**What is required**
Beginning at the top of the data below, restate every line word for word until the line containing "定期将食材、餐用具等器具送检" has been included, and omit the pictures.

**Exercise materials**

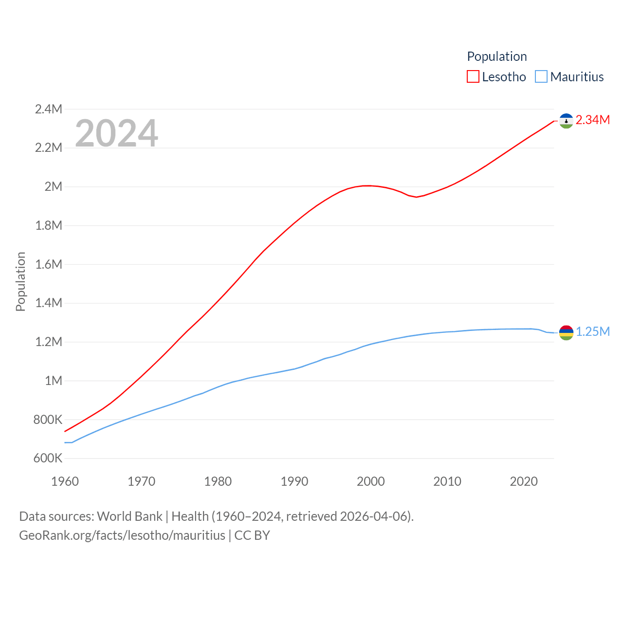 Lesotho has a population of 2.34M (ranked 145/197), compared with 1.25M in Mauritius (ranked 156/197). Lesotho's land area is 11,722 sq mi versus 771 sq mi for Mauritius (ranked 137th vs. 170th).
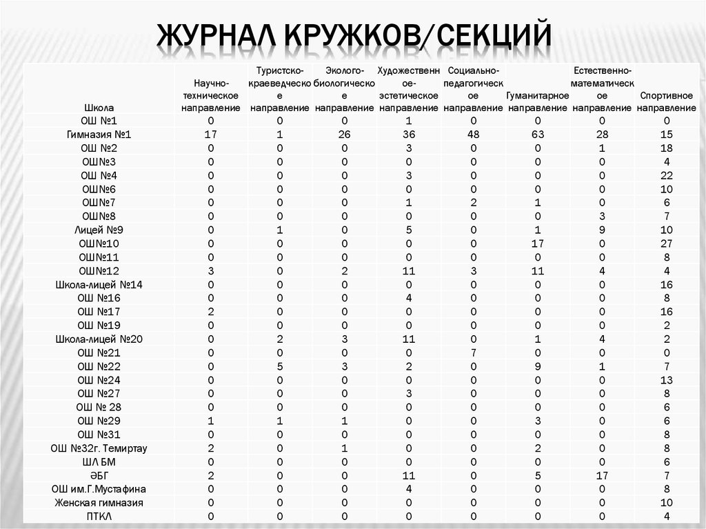 Гидропоника; Шахмат ; Нейросети ИИ; Основы права; Робототехника; Интеллектум; Алхимик; Тоғызқұмалақ; "Пять
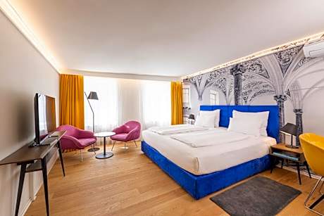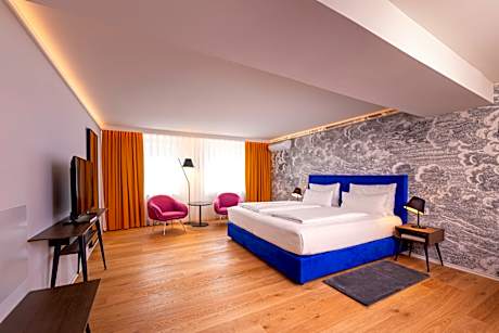 Located on the banks of the Salzach River, in the center of Salzburg, the Hotel Stein has a history dating back to medieval times and was fully renovated and reopened in the spring of 2018. The lifestyle and design hotel offers guests a panoramic rooftop terrace with views over the rooftops and the surroundings. Rooms at the Hotel Stein show a mixture of modern and classical style, with Austrian and Venetian influences. The luxurious rooms all have air conditioning, a unique furnishing and handcrafted glass decorations or lamps. The bathrooms are equipped with natural beauty products made from herbal ingredients in pharmacy quality. The restaurant Steinterrasse is located on the 7th floor and offers a view of the old town of Salzburg. Guests can enjoy a breakfast, brunch or fine dining on the rooftop terrace, and enjoy exquisite drinks and dishes. Hotel Stein's own spa area can be used against a surcharge and features a relaxation area, sauna and gym. Guides are provided in the rooms with running, hiking and Nordic walking routes. Only 230 feet from the property, the well known Linzergasse starts, where a variety of shops can be found. Cultural landmarks like Mozart's Birthplace, Salzburg Cathedral, the Mirabell Garden and Hohensalzburg Fortress are all within short walking distance to Hotel Stein.
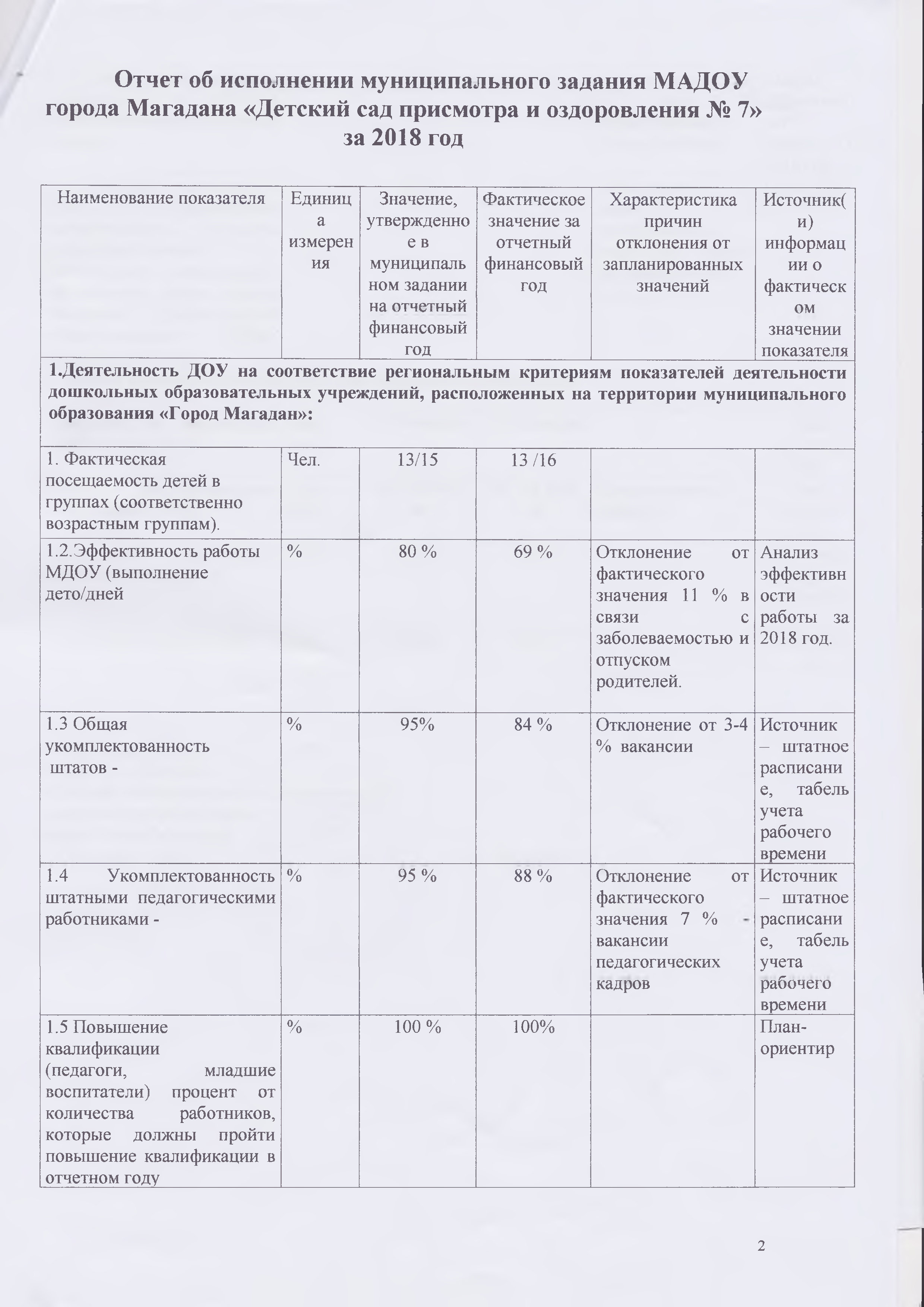Отчет о выполнении муниципального задания МАДОУ № 7 за 2018
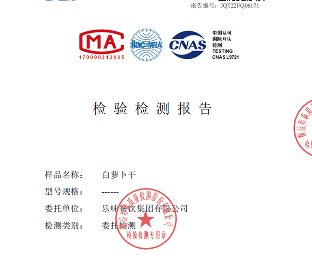 定期将食材、餐用具等器具送检,保证所有检测数据准确可信,保障客户、员工用得放心、吃得安心
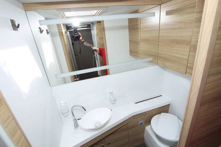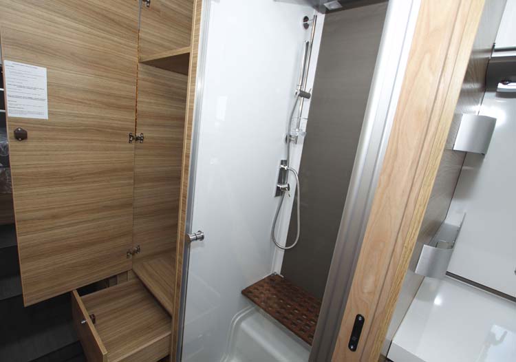 Vidare mot badrumsdelen. Från köket sett hittar du duschen till höger och toalett samt badrum till vänster. I båda fall rejält med utrymme. Duschen är utrustad med en nedfällbar sittbrits och badrummets spegel har inbyggd belysning. Och en av mina personliga käpphästar, ett 230V-uttag i badrummet för rakapparat eller hårfön, har Adria tacksamt hörsammat.

**Reply to the exercise**
 Lesotho has a population of 2.34M (ranked 145/197), compared with 1.25M in Mauritius (ranked 156/197). Lesotho's land area is 11,722 sq mi versus 771 sq mi for Mauritius (ranked 137th vs. 170th).
 Гидропоника; Шахмат ; Нейросети ИИ; Основы права; Робототехника; Интеллектум; Алхимик; Тоғызқұмалақ; "Пять
 Located on the banks of the Salzach River, in the center of Salzburg, the Hotel Stein has a history dating back to medieval times and was fully renovated and reopened in the spring of 2018. The lifestyle and design hotel offers guests a panoramic rooftop terrace with views over the rooftops and the surroundings. Rooms at the Hotel Stein show a mixture of modern and classical style, with Austrian and Venetian influences. The luxurious rooms all have air conditioning, a unique furnishing and handcrafted glass decorations or lamps. The bathrooms are equipped with natural beauty products made from herbal ingredients in pharmacy quality. The restaurant Steinterrasse is located on the 7th floor and offers a view of the old town of Salzburg. Guests can enjoy a breakfast, brunch or fine dining on the rooftop terrace, and enjoy exquisite drinks and dishes. Hotel Stein's own spa area can be used against a surcharge and features a relaxation area, sauna and gym. Guides are provided in the rooms with running, hiking and Nordic walking routes. Only 230 feet from the property, the well known Linzergasse starts, where a variety of shops can be found. Cultural landmarks like Mozart's Birthplace, Salzburg Cathedral, the Mirabell Garden and Hohensalzburg Fortress are all within short walking distance to Hotel Stein.
Отчет о выполнении муниципального задания МАДОУ № 7 за 2018
 定期将食材、餐用具等器具送检,保证所有检测数据准确可信,保障客户、员工用得放心、吃得安心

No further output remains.